▶ [DIRECTIONS FOR THIS TASK]:
Starting at the line below that contains "behind Jenny. |" and ending at the line that contains "从谈话中我们得知,他还没有写", retype each line exactly as it stands, but omit the pictures.

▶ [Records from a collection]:
"""

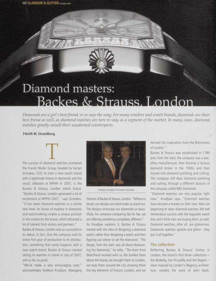 En 2003, el CEO de Backes & Strauss, Vartkess Knadjian, dio la bienvenida a un nuevo cliente de la industria relojera Suiza: Franck Muller. «Nos llevamos bien», recuerda el experto en diamantes. «La compañía fue un ’disruptor’ en la industria relojera. Y pensamos que tendría sentido, para una marca como Backes & Strauss que tiene una larga herencia en diamantes, salir con una colección de relojes con diamantes.»
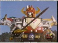 The five Galactazords race along to our left, zoom in on Lion as the backdrop changes to a blur of greenery, the Lion, then the Gorilla, then Condor, transforming into component parts. The head and horns pop out of the Lion section as it floats up, Wild Cat & Lion becoming arms, as all five Zords come together to form the Galaxy Megazord, with its saber forming in a crackle of electricity. |
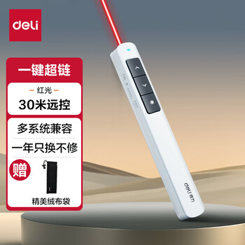 得力(deli) 激光笔360度控制教师专用ppt超链切换教鞭无线演示器笔 红光充电激光翻页笔 白色 2808L
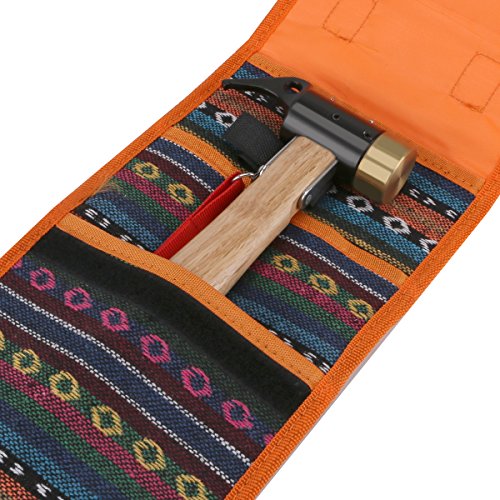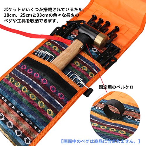- 【収納袋付き】おしゃれなエスニック柄の収納袋は丈夫な1680Dナイロン製。そして、収納袋内部は三つのポケットに分かれており、18cm、25cmと33cmの色々な長さのペグや工具を収納できます。
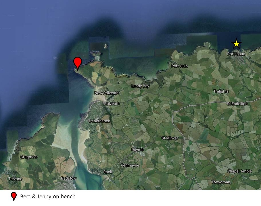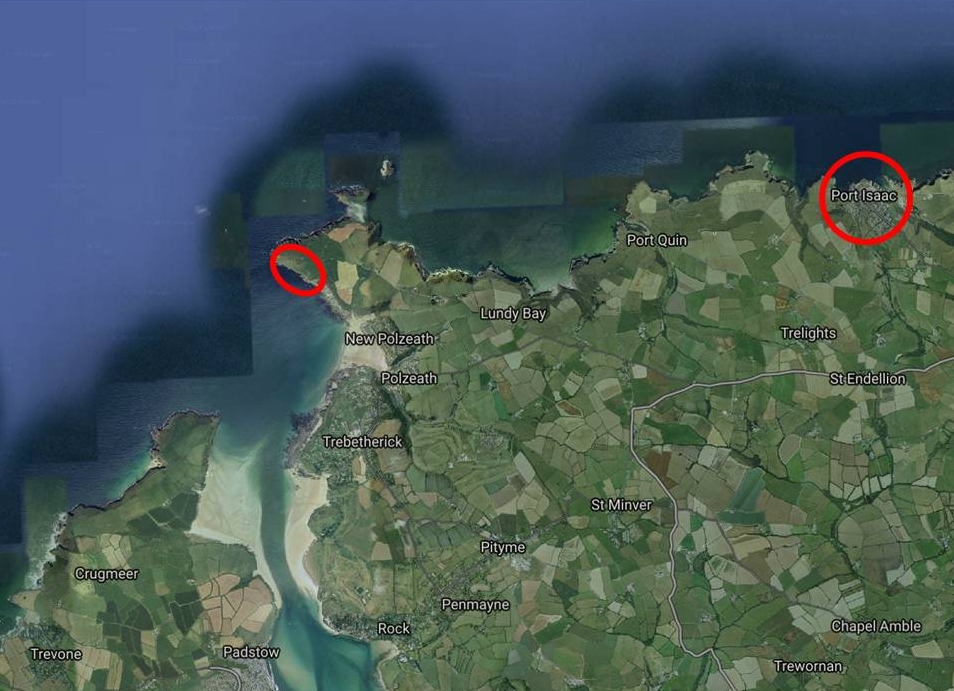 | Bert and Jenny have two scenes along the coast in this episode. In both scenes, they are at Pentire Point, along the coast, west of Port Isaac. You can see the stone tower at Stepper Point across the bay and parts of the towns of Polzeath and Trebetherick in the distance behind Jenny. |
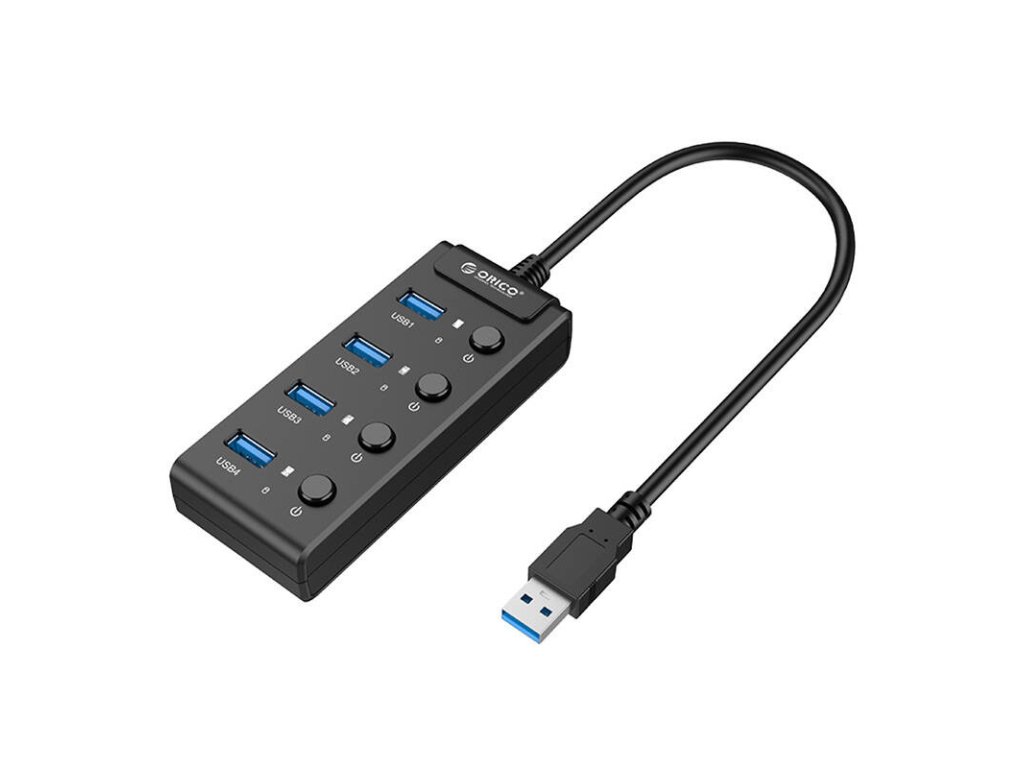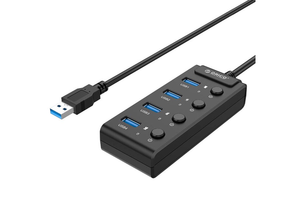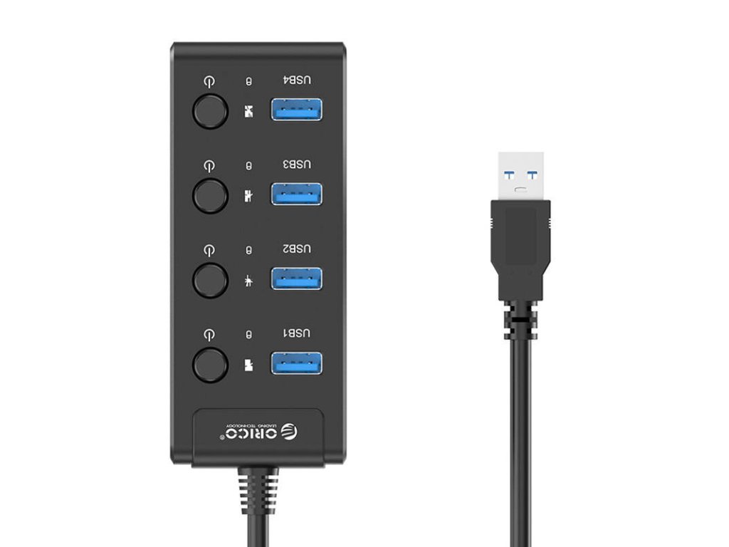 Orico USB 3.0. Rozbočovač s přepínači, 4x USB (černý)
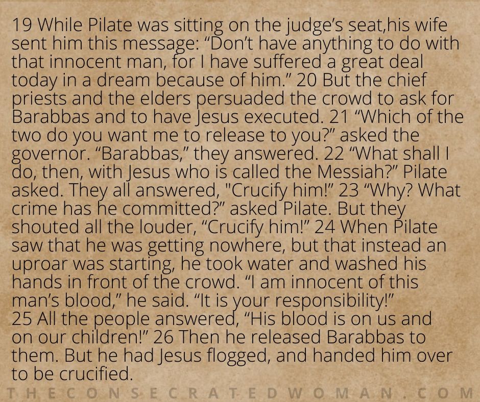 24 When Pilate saw that he was getting nowhere, but that instead an uproar was starting, he took water and washed his hands in front of the crowd. “I am innocent of this man’s blood,” he said. “It is your responsibility!” 25 All the people answered, “His blood is on us and on our children!” 26 Then he released Barabbas to them. But he had Jesus flogged, and handed him over to be crucified.
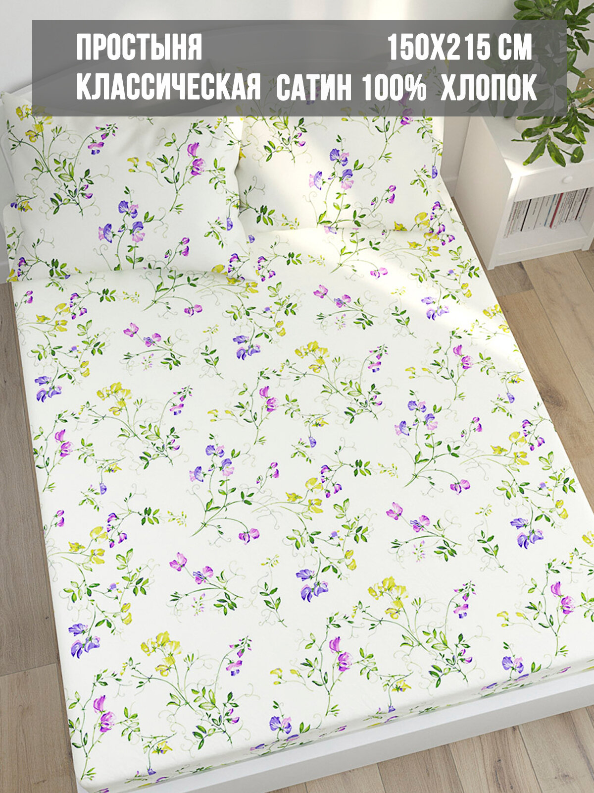Простынь сатин Milky Garden "Мэри" 150х215 см, 1.5-спальная, классическая, сатин, хлопок 100%
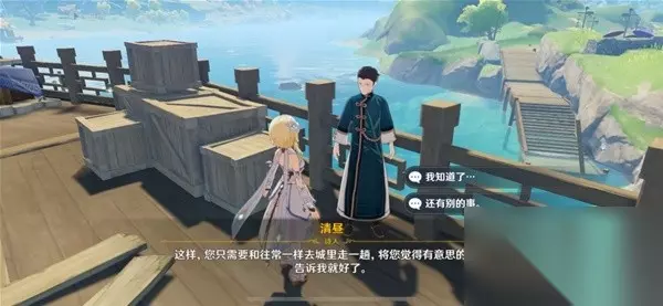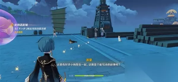 从谈话中我们得知,他还没有写诗的灵感。我们需要去璃月港收集一些有趣的东西并通知他。
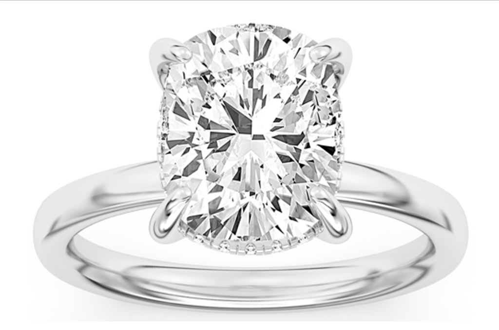 Lab Grown Diamond 14K White Gold Hidden Halo Diamond Ring With (1) Cushion Lab Grown Diamond 3.00CT F VS1 IGI And 22 =0.10CTW Round Lab Grown Diamonds Ring Size 7
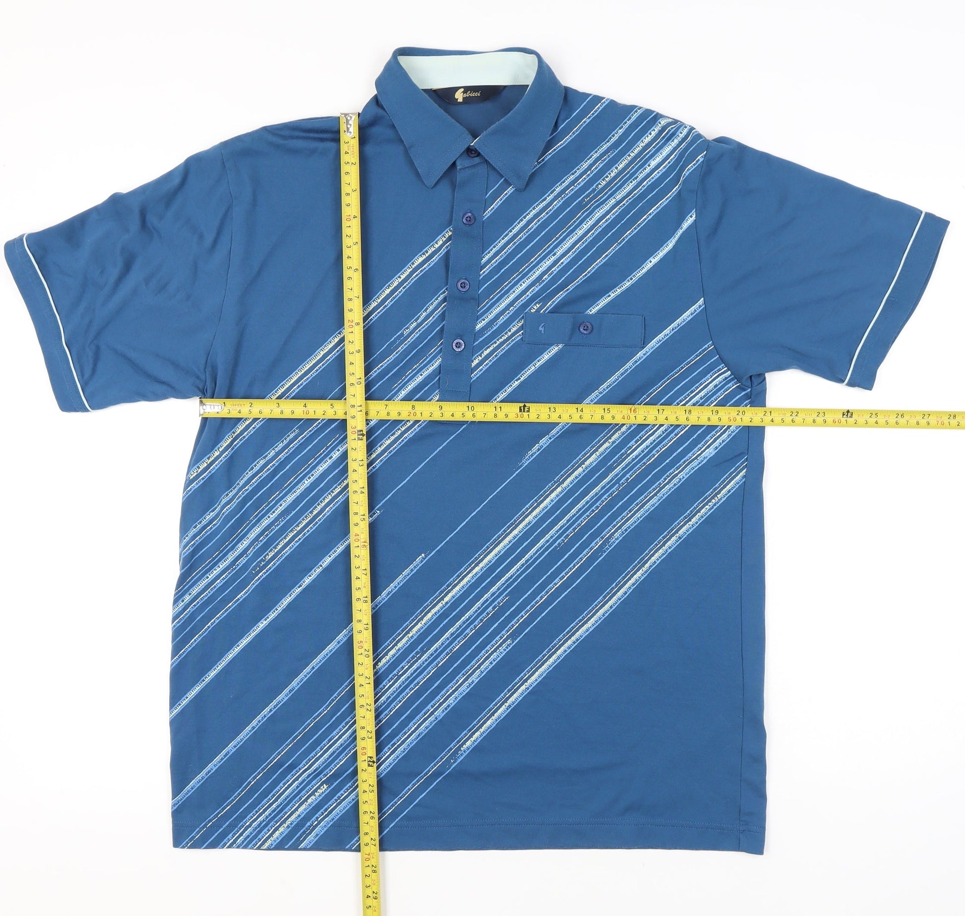 Gabicci Men’s Blue Striped Polo Shirt Size L Cotton Blend
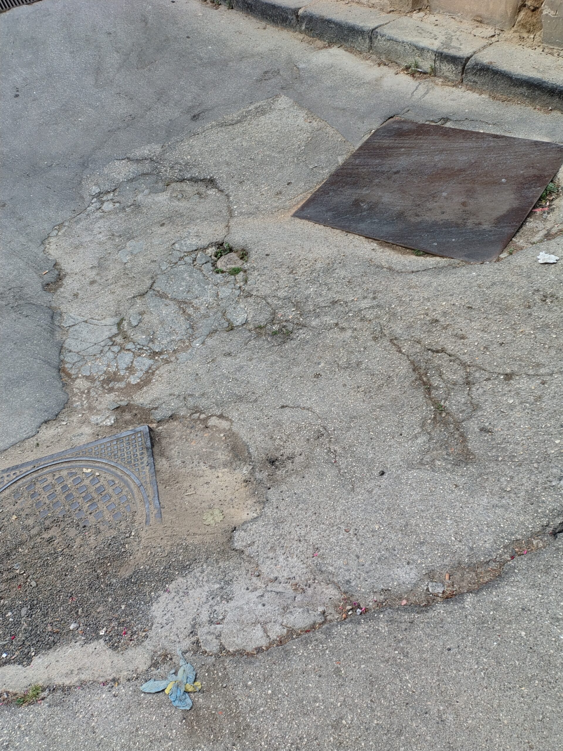 Tombini collassati e ricoperti in modo precario da lamiere arrugginite;
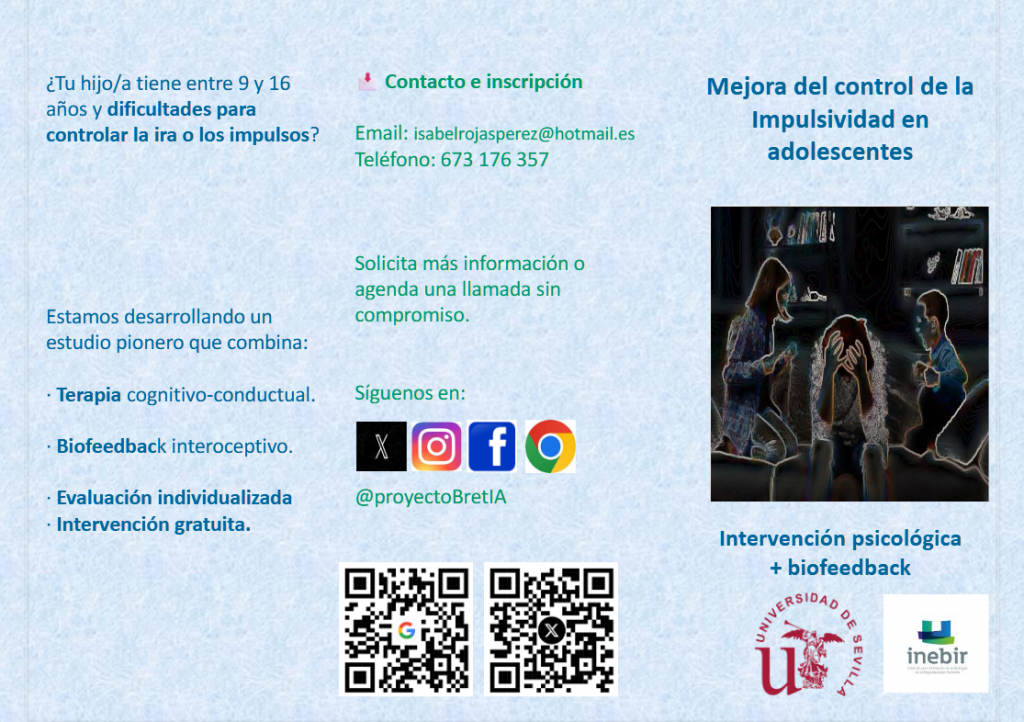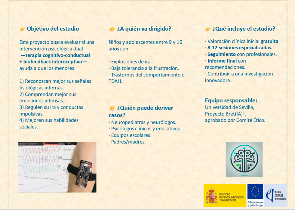 Las conductas impulsivas/agresivas suponen un grave problema para los niños y adolescentes a la hora de aprender a relacionarse con su entorno, así como una fuente constante de conflictos en sus familiares. El proyecto BRet(IA)2 («Biofeedback e Inteligencia Artificial para el control de la impulsividad en adolescentes» – PID2023-147508OB-I00) se centra en el uso de un sistema biofeedback (BF), junto con técnicas de IA, y terapias de exposición interoceptiva con el objetivo de ayudar a jóvenes con estas conductas a expresarse adecuadamente y evitar respuestas agresivas, mejorando su salud mental y su calidad de vida. De este modo, el proyecto presenta tres vertientes:
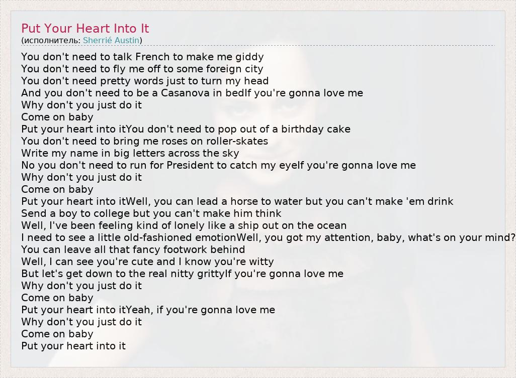 А как ты думаешь, о чем песня "Put Your Heart Into It" ?
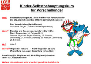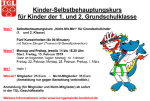 Die Turngemeinde Landshut bietet wieder zwei Selbstbehauptungskurse für Kinder – Vor- und Grundschulkinder – an. Die Kurse umfassen fünf Einheiten mit je 60 bzw. 90 Minuten und finden unter der Leitung von Sabine Zängerl, Übungsleiterin der Ju-Jutsu-Abteilung der TGL und Trainerin B Gewaltprävention, statt. Die  Anmeldung für die Kurse  – sowohl für Mitglieder als auch Nichtmitglieder – läuft ab sofort, die Teilnehmerzahl ist begrenzt.

"""

▶ [SOLVED PROBLEM]:
 | Bert and Jenny have two scenes along the coast in this episode. In both scenes, they are at Pentire Point, along the coast, west of Port Isaac. You can see the stone tower at Stepper Point across the bay and parts of the towns of Polzeath and Trebetherick in the distance behind Jenny. |
 Orico USB 3.0. Rozbočovač s přepínači, 4x USB (černý)
 24 When Pilate saw that he was getting nowhere, but that instead an uproar was starting, he took water and washed his hands in front of the crowd. “I am innocent of this man’s blood,” he said. “It is your responsibility!” 25 All the people answered, “His blood is on us and on our children!” 26 Then he released Barabbas to them. But he had Jesus flogged, and handed him over to be crucified.
Простынь сатин Milky Garden "Мэри" 150х215 см, 1.5-спальная, классическая, сатин, хлопок 100%
 从谈话中我们得知,他还没有写诗的灵感。我们需要去璃月港收集一些有趣的东西并通知他。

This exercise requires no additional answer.